# DATA EXTRACTS:
· · · · · · ·

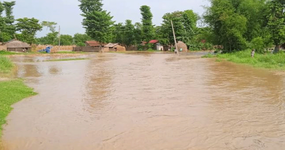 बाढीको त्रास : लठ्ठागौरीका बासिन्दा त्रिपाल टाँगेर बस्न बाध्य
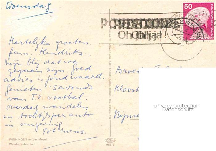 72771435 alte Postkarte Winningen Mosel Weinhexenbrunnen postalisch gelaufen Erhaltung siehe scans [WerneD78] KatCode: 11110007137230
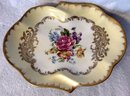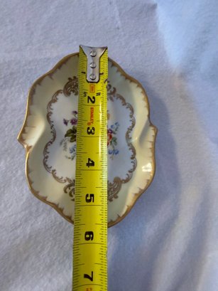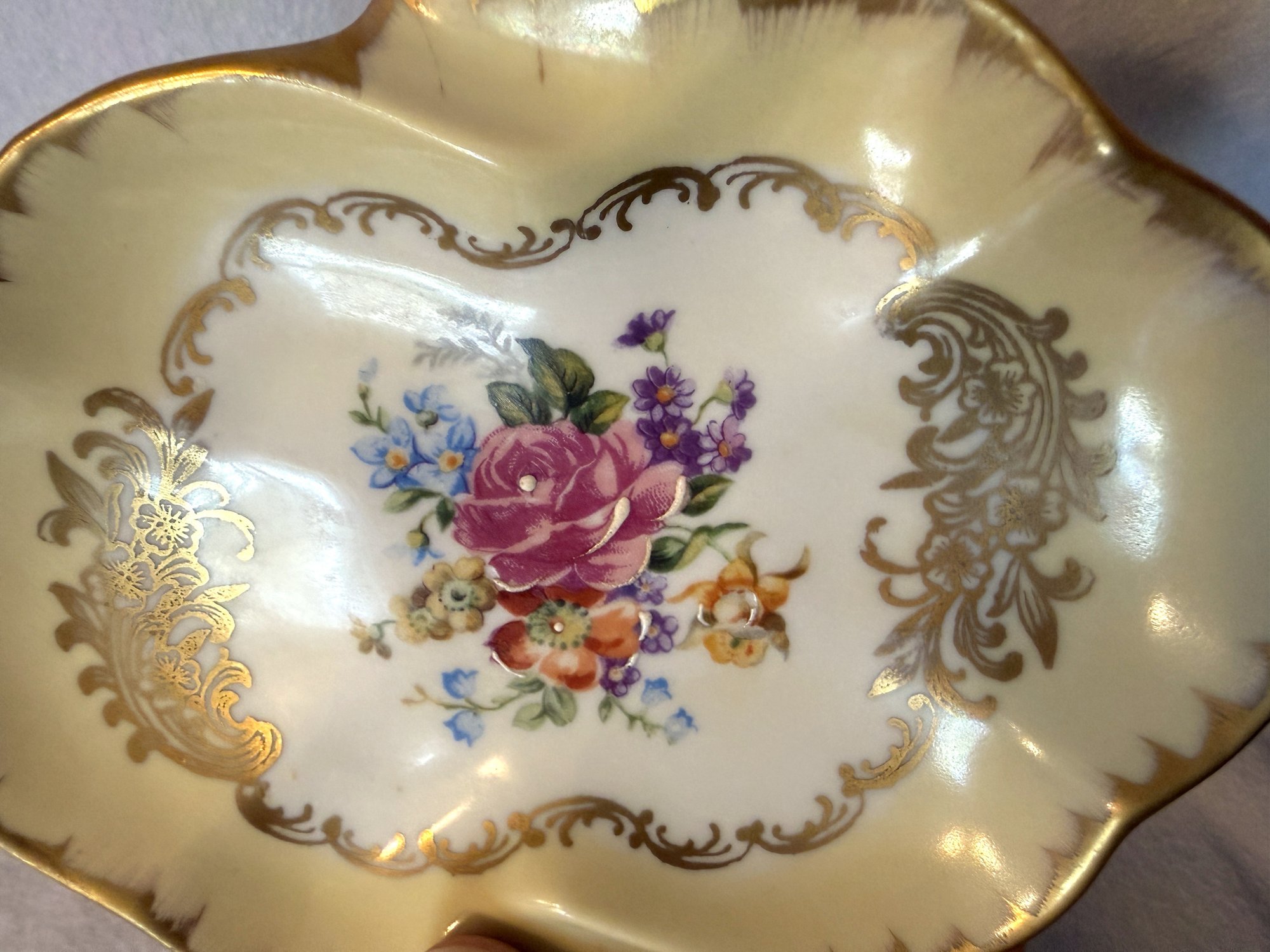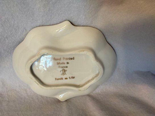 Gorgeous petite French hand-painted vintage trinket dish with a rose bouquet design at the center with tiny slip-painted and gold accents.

· · · · · · ·

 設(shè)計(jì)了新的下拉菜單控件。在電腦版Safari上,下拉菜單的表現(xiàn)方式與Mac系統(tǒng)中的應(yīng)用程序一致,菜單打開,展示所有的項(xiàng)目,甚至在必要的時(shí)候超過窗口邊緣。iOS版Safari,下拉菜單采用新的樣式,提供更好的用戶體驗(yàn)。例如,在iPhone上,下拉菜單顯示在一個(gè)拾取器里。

· · · · · · ·

# EXERCISE:
Above are records; write out the lines from the one with "72771435 alte Postkarte" down to the one with "Gorgeous petite French", exactly, leaving the pictures out.

# RESPONSE TO THIS EXERCISE:
 72771435 alte Postkarte Winningen Mosel Weinhexenbrunnen postalisch gelaufen Erhaltung siehe scans [WerneD78] KatCode: 11110007137230
 Gorgeous petite French hand-painted vintage trinket dish with a rose bouquet design at the center with tiny slip-painted and gold accents.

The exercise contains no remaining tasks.